[Raw data]
- - - -

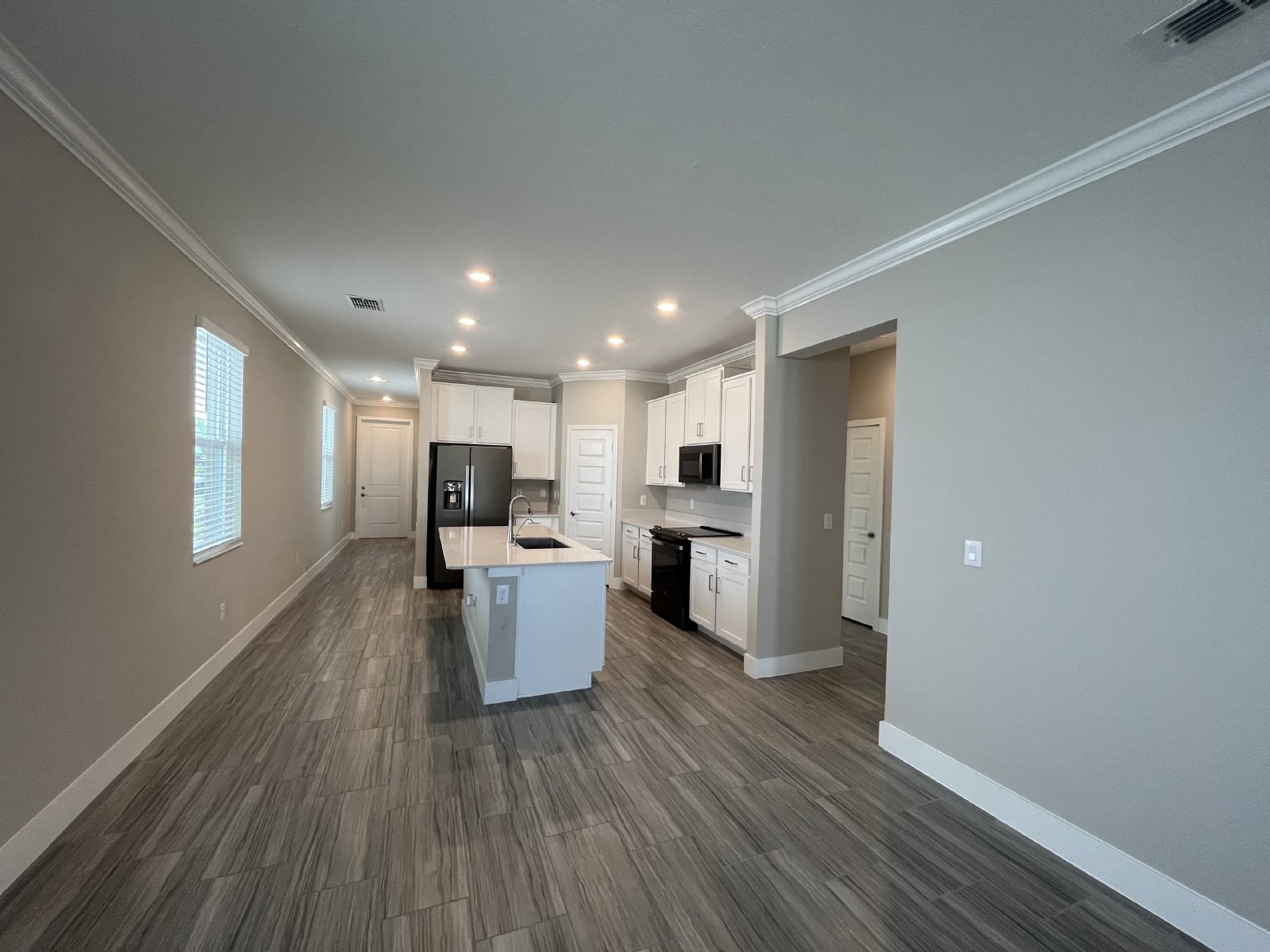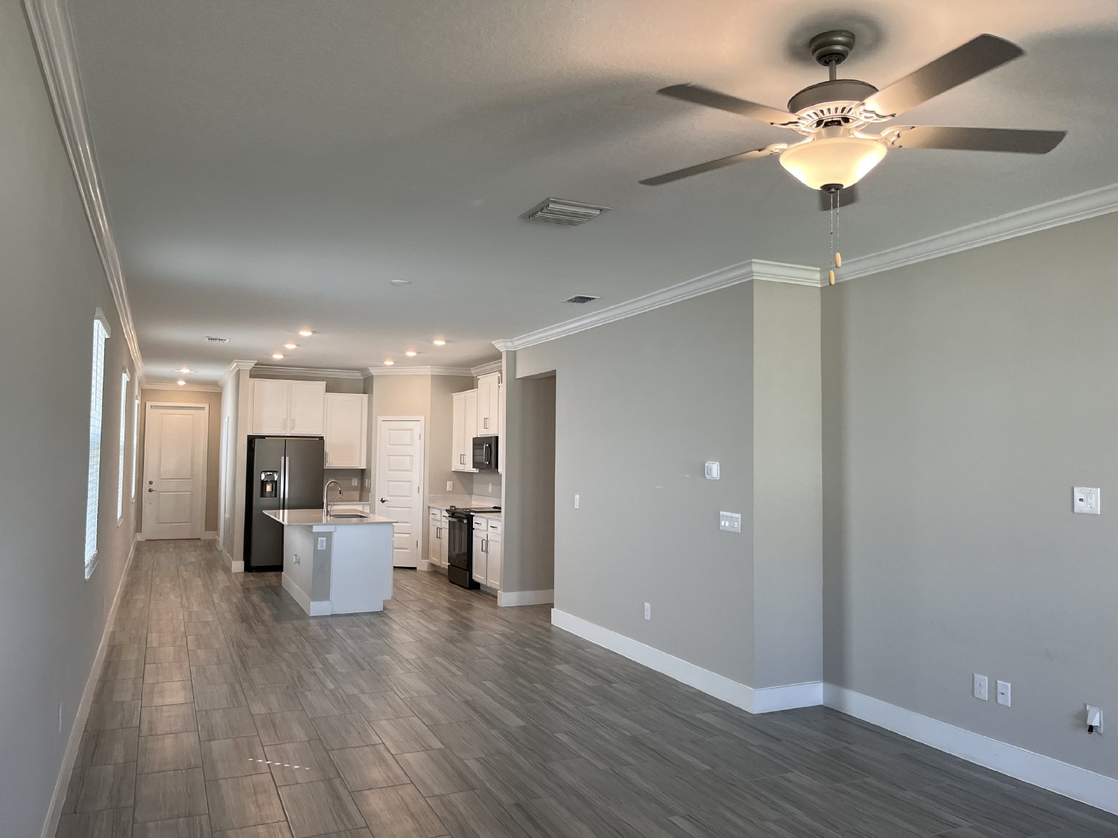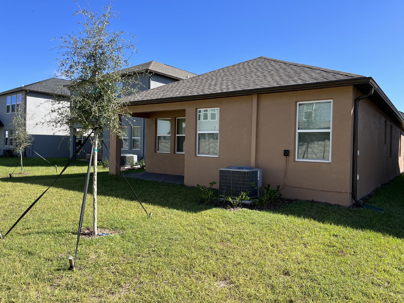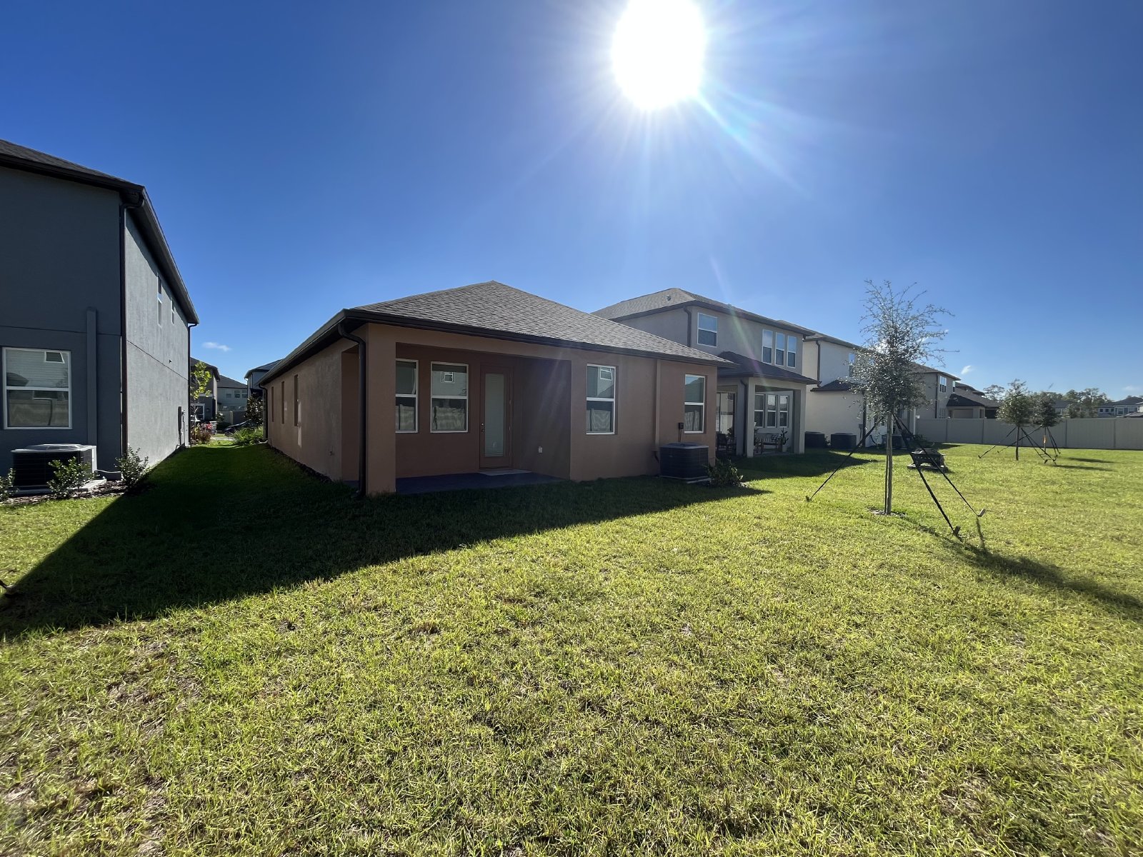 Welcome to the Connerton Village Community. This community offers a 10,000 square foot clubhouse, resort style pool including a kidz zone with a waterpark, a fitness center, Conner Town Cafe, basketball courts, volleyball courts, tennis courts, pickleball courts, an outdoor amphitheater and dog parks. Connerton is a haven for outdoor enthusiasts. Walkers, bikers and runners relish the miles of boardwalks and trails that wind their way through the communities lakes and natural wetlands, making it easy for the residents of Connerton to enjoy the serenity and beauty of the natural landscape. This 2022 built home is a spacious single story home that offers an open floor plan with a living room and open kitchen that features a center island with a breakfast bar, a fridge, stove, dishwasher, and a microwave. The master en-suite bathroom has double sinks and a step in shower. All bedrooms are a nice size and offer high ceilings and ceiling fans. Other features include carpet and tile throughout and a covered patio overlooking a nice sized yard. Do not miss this great new home! It will not last long!
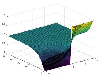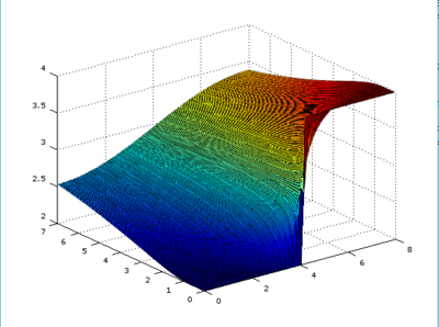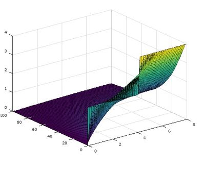 Por lo que podemos decir que el flujo es 0(muy próximo) y por la tanto la tanto la solución es homogénea siendo en cada instante y posición 2.9438. La función de la solución sería u(x,t)= 2.9438 cuando el tiempo es grande. Este estado estacionario se da cuando el flujo se aproxime a 0.
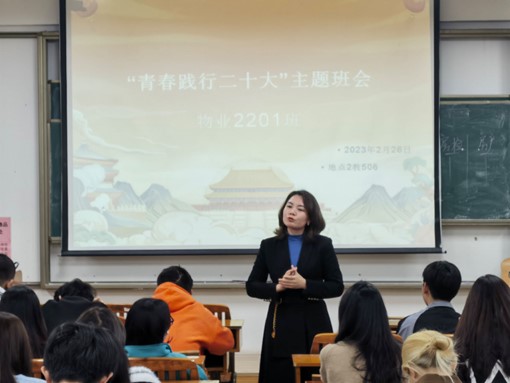 黄娟同志在给学生讲“青春践行二十大”主题班会
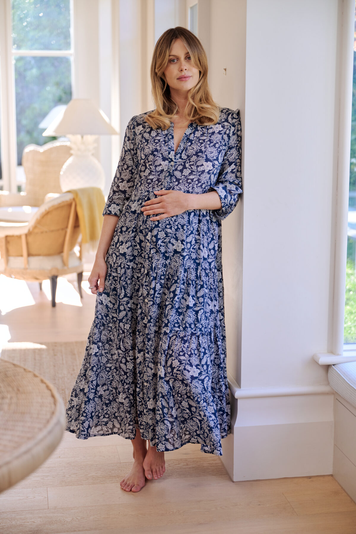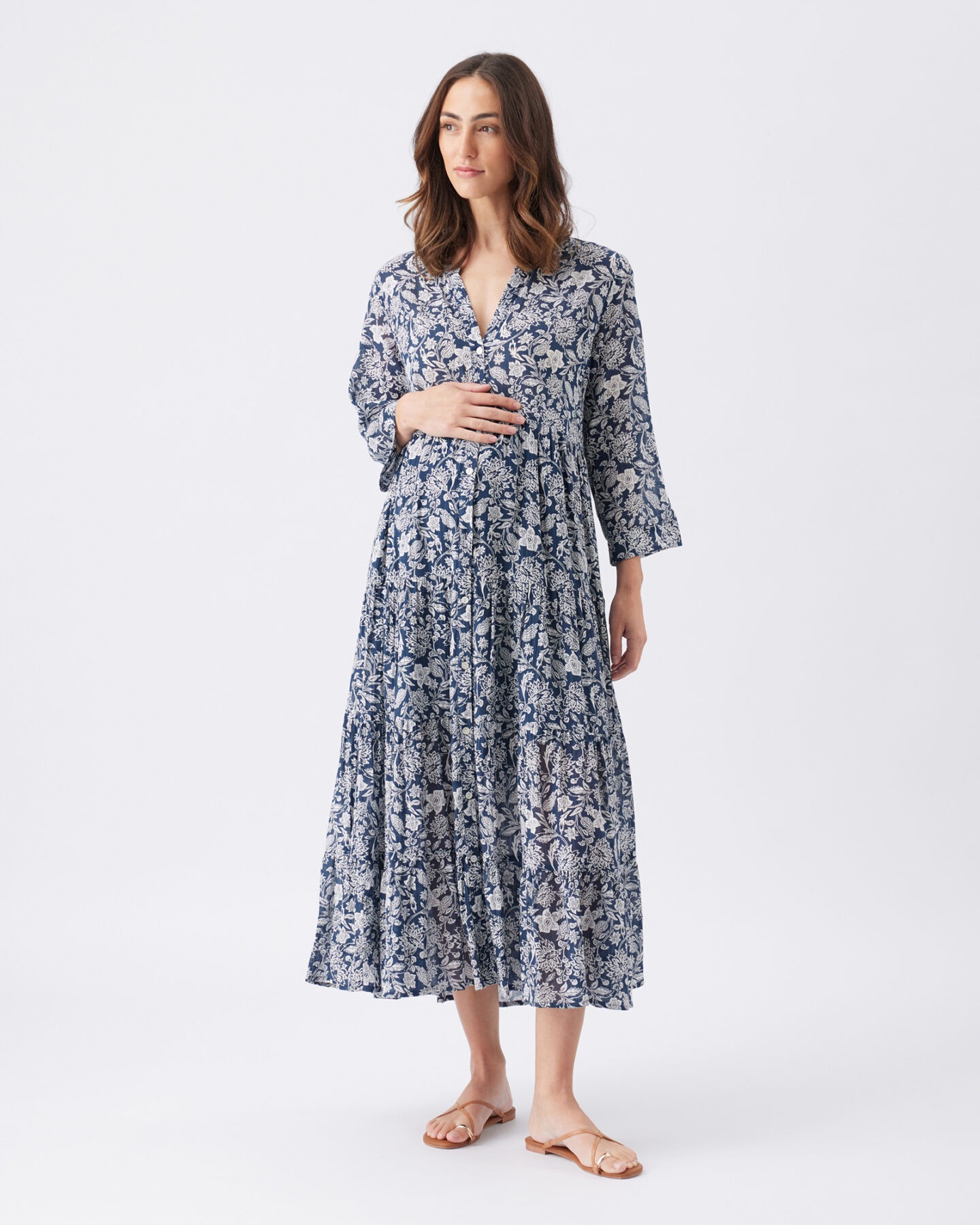 Introducing the captivating Ezra Tiered Dress, a blend of simplicity and elegance that elevates your wardrobe. Crafted from soft, breathable cotton, its relaxed fit ensures all-day comfort. The V-neckline and nursing friendly button-up front bring both style and practicality, while the elegant 3/4 length sleeves add versatility. Whether paired with sandals for a nice lunch or dressed up for an event, the Ezra Tiered Dress embodies maternity style at its finest.

- - - -

[To do] Using the listing above, write out exactly the lines from the one that holds "Por lo que podemos" through the last line, both included, and omit pictures.

[Task answer]
 Por lo que podemos decir que el flujo es 0(muy próximo) y por la tanto la tanto la solución es homogénea siendo en cada instante y posición 2.9438. La función de la solución sería u(x,t)= 2.9438 cuando el tiempo es grande. Este estado estacionario se da cuando el flujo se aproxime a 0.
 黄娟同志在给学生讲“青春践行二十大”主题班会
 Introducing the captivating Ezra Tiered Dress, a blend of simplicity and elegance that elevates your wardrobe. Crafted from soft, breathable cotton, its relaxed fit ensures all-day comfort. The V-neckline and nursing friendly button-up front bring both style and practicality, while the elegant 3/4 length sleeves add versatility. Whether paired with sandals for a nice lunch or dressed up for an event, the Ezra Tiered Dress embodies maternity style at its finest.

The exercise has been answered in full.